(Stored entries)

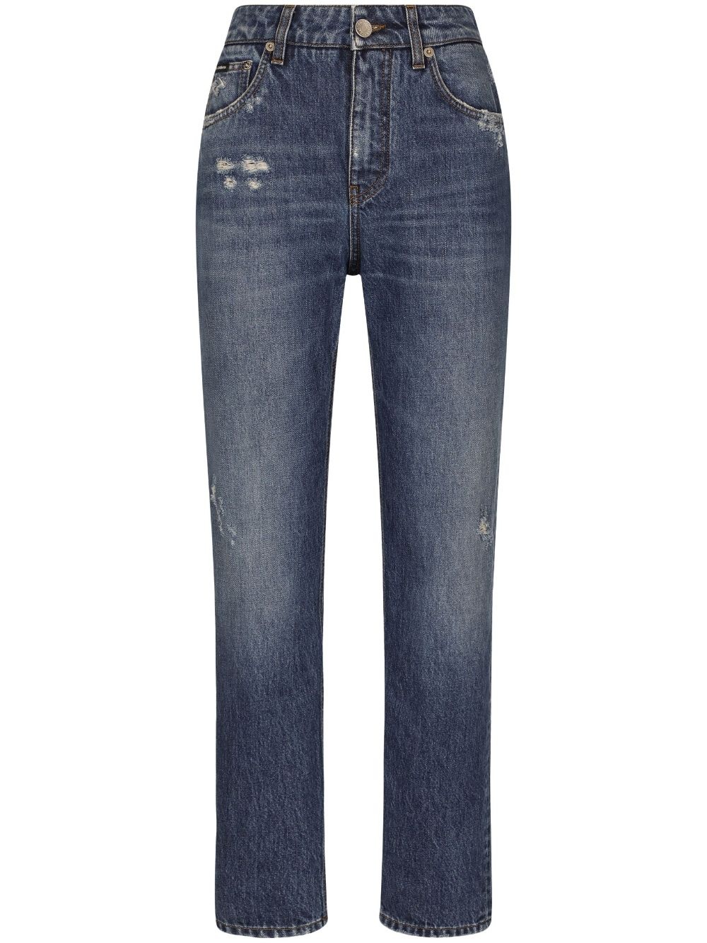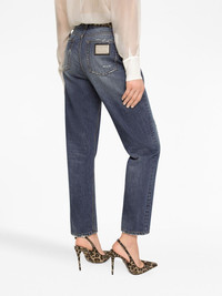 logo-plaque straight-leg jeans Highlights - Blue - Cotton - Denim - Stonewashed - Distressed finish - Logo plaque - High-waisted - Belt loops - Front button and zip fastening - Classic five pockets Made in Italy Composition Cotton 100% Washing instructions Read Manufacturer Guidelines
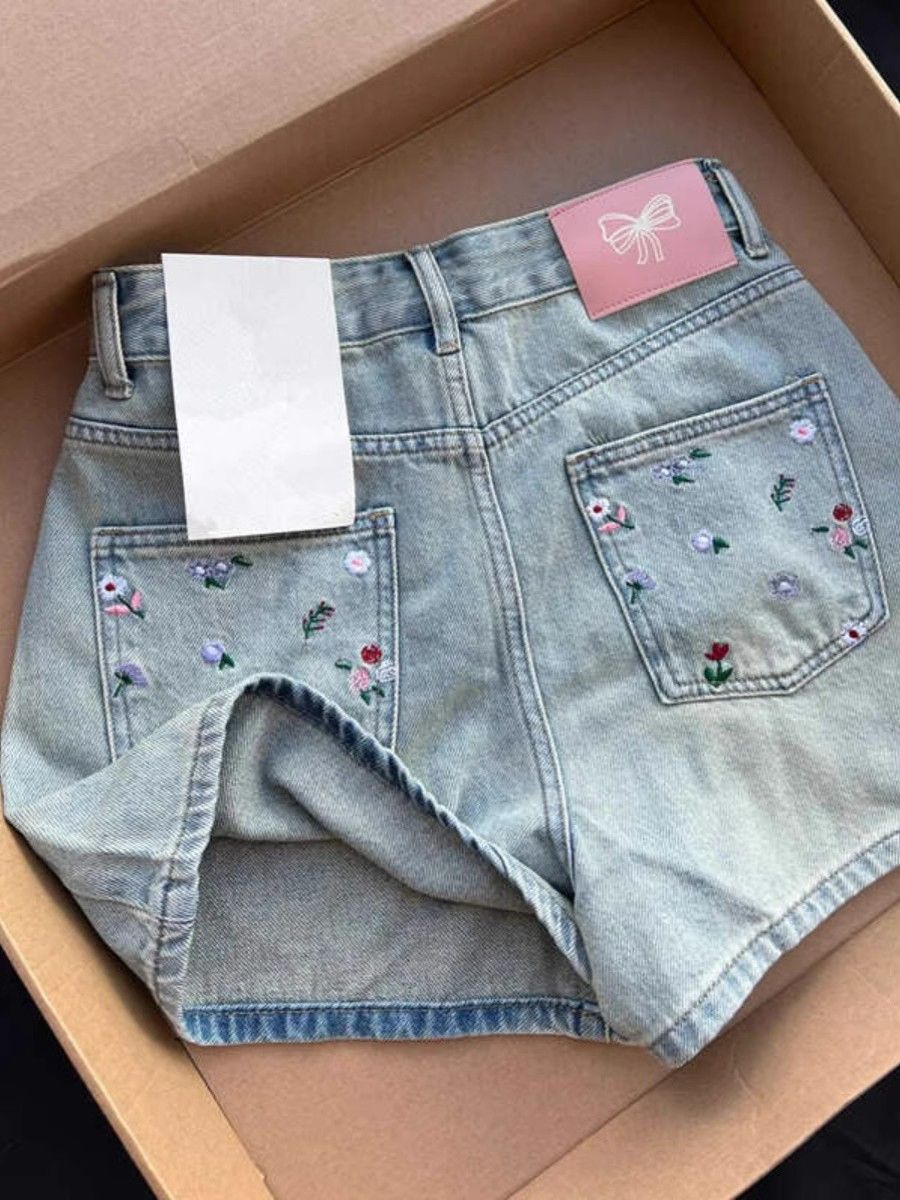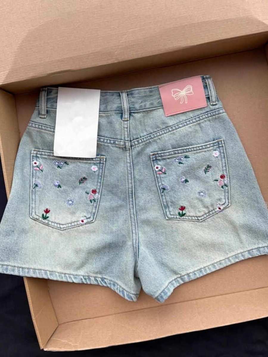 정말 포효, 봐! 자수 꽃 데님 반바지 여성 여름 높은 허리 슬리밍 A-라인 넓은 다리 핫 트렌디 한 Ins 바지
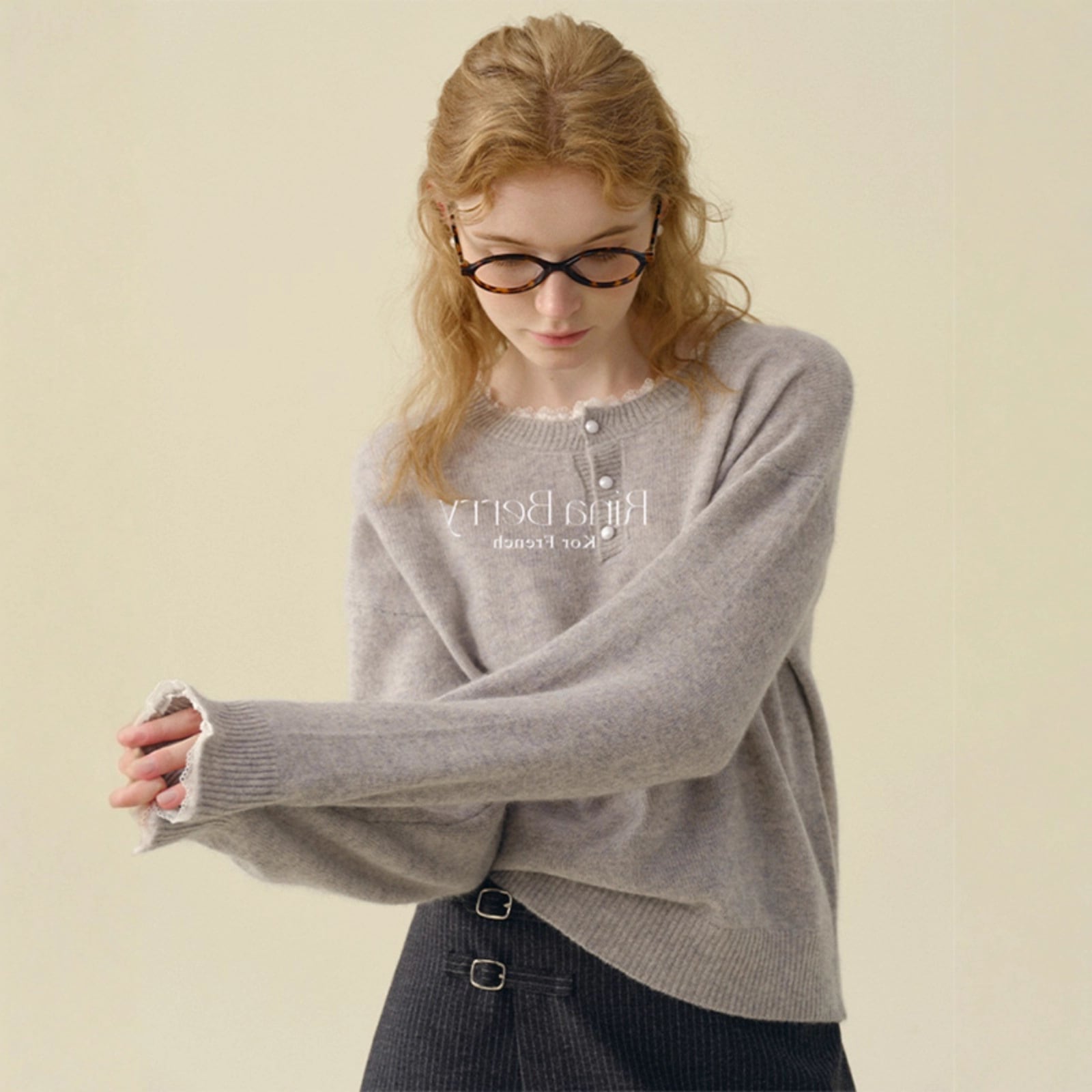 大人可愛いゆるめニットセーター。
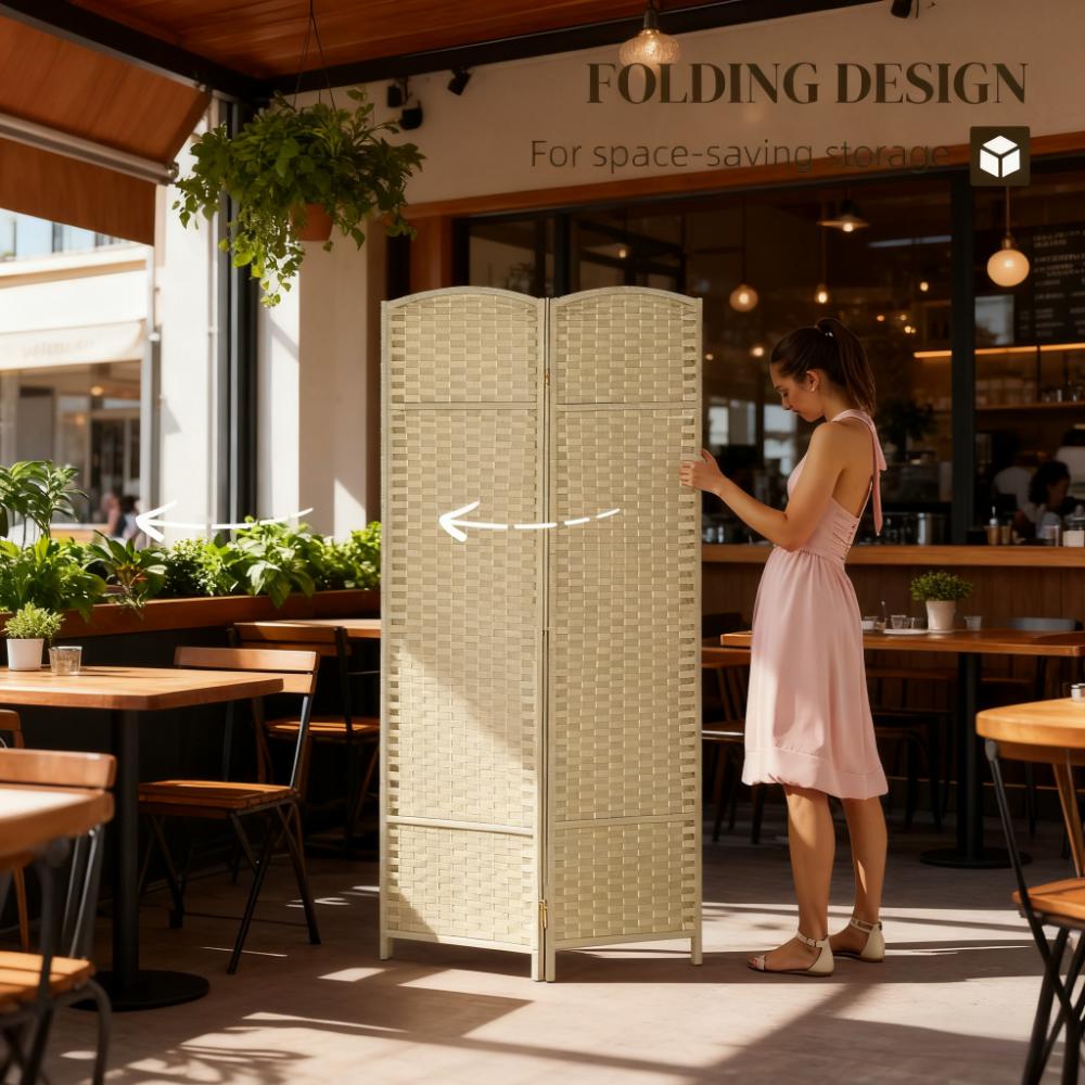 Features: - It features a weaving pattern with an elegant arched top - Create private sections or use it as a decorative background in any room - Solid pine wood frame provides strong support - Polypropylene assures enhanced privacy and durability - Four-panel folding design with 9 metal hinges allows for easy storage - A lightweight design makes it easy to move - No assembly required Specification: - Color: Beige - Materials: Polypropylene, Pine Wood - Overall Dimensions: 63" W x 0.6" D x 66.9" H - Folded Dimensions: 15.7" W x 2.5" H x 66.9" H - Single Panel Size: 15.7" W x 0.6" D x 66.9" H - Foot Height: 2.6" H - Net Weight: 11 lbs. - Package Includes: - 1 x Room Divider - 1 x Manual
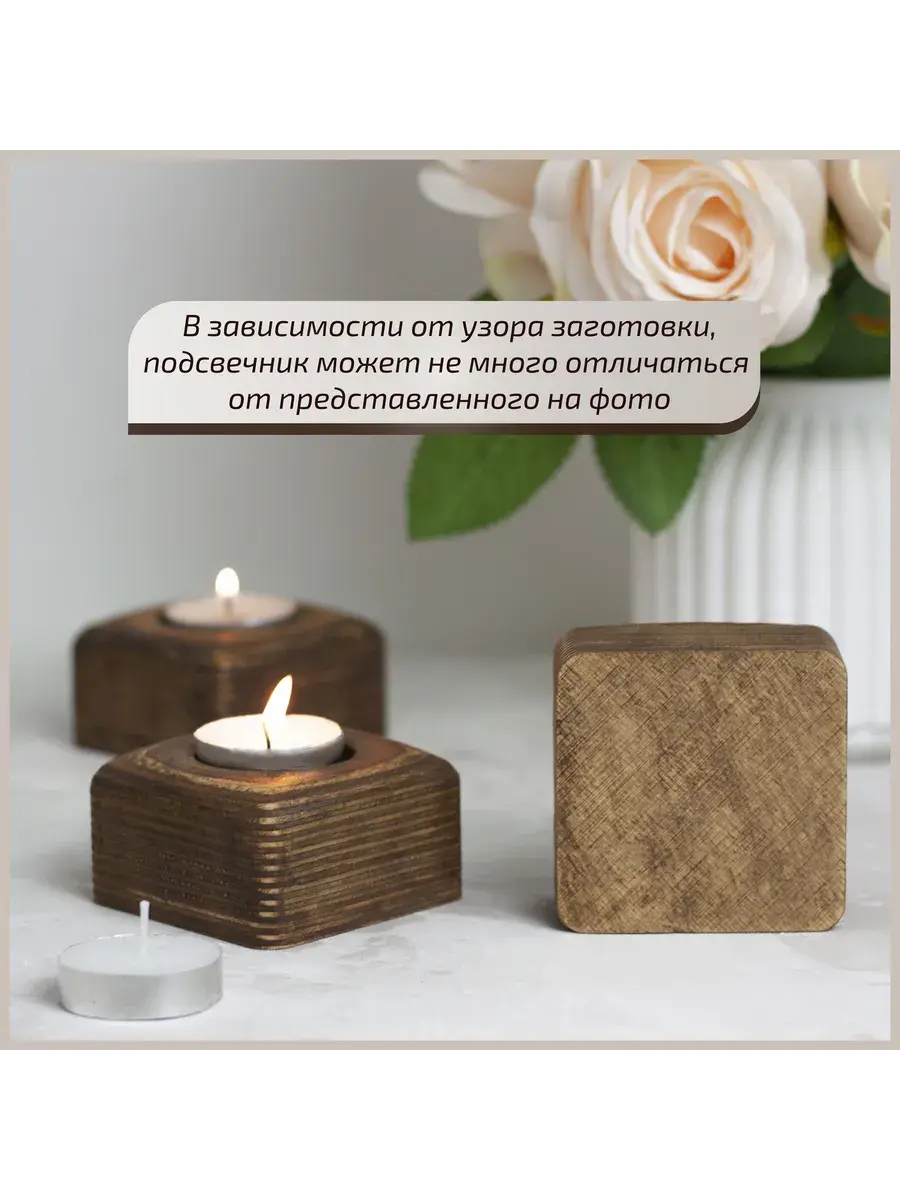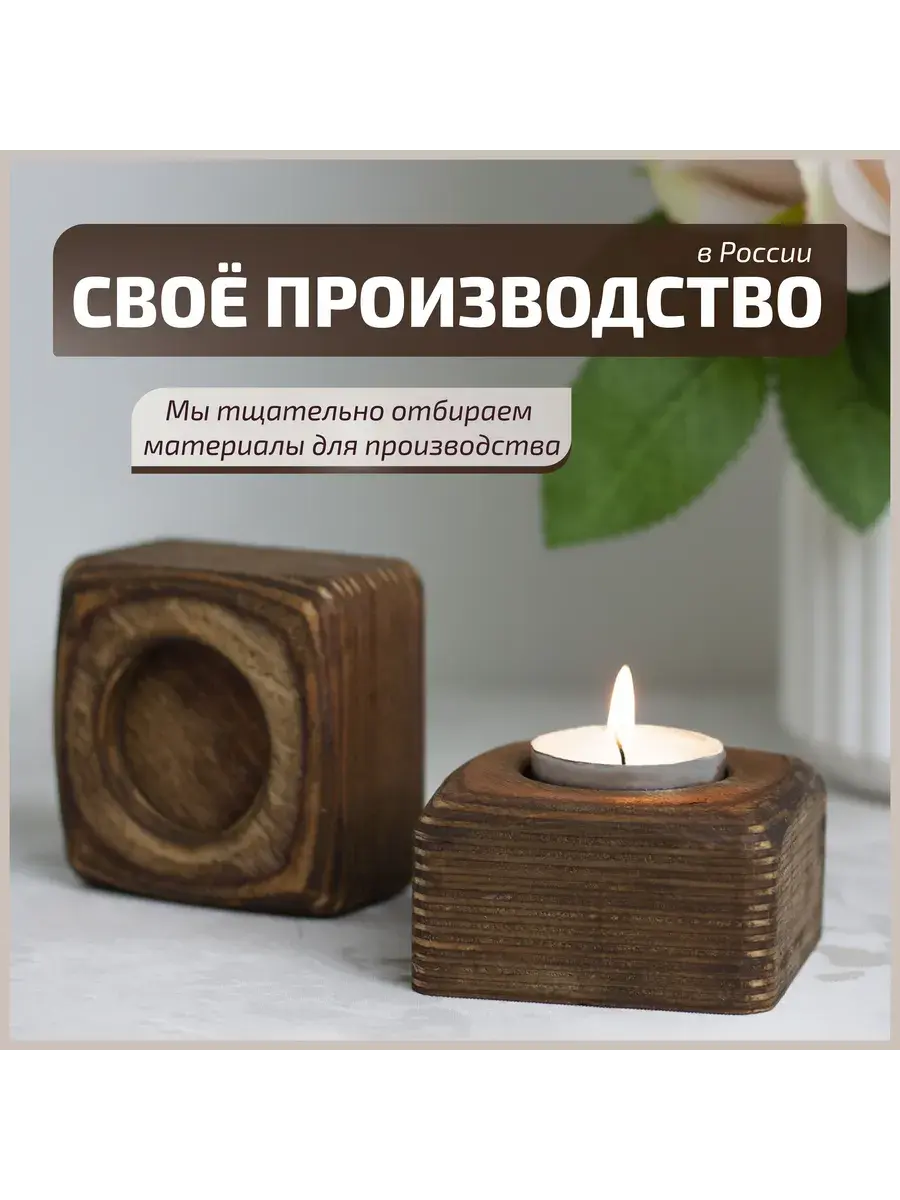 Материал изделия – высококачественная березовая фанера, известная своей прочностью, гладкой текстурой и красивым естественным рисунком. Натуральная текстура березы добавляет подсвечнику особый шарм и теплоту, делая их еще более привлекательными для глаз.

_About this task_
Write out exactly the lines from the one that contains "Features: - It" through the last line of the data above, both included. Leave every picture out.

_Result of this task_
 Features: - It features a weaving pattern with an elegant arched top - Create private sections or use it as a decorative background in any room - Solid pine wood frame provides strong support - Polypropylene assures enhanced privacy and durability - Four-panel folding design with 9 metal hinges allows for easy storage - A lightweight design makes it easy to move - No assembly required Specification: - Color: Beige - Materials: Polypropylene, Pine Wood - Overall Dimensions: 63" W x 0.6" D x 66.9" H - Folded Dimensions: 15.7" W x 2.5" H x 66.9" H - Single Panel Size: 15.7" W x 0.6" D x 66.9" H - Foot Height: 2.6" H - Net Weight: 11 lbs. - Package Includes: - 1 x Room Divider - 1 x Manual
 Материал изделия – высококачественная березовая фанера, известная своей прочностью, гладкой текстурой и красивым естественным рисунком. Натуральная текстура березы добавляет подсвечнику особый шарм и теплоту, делая их еще более привлекательными для глаз.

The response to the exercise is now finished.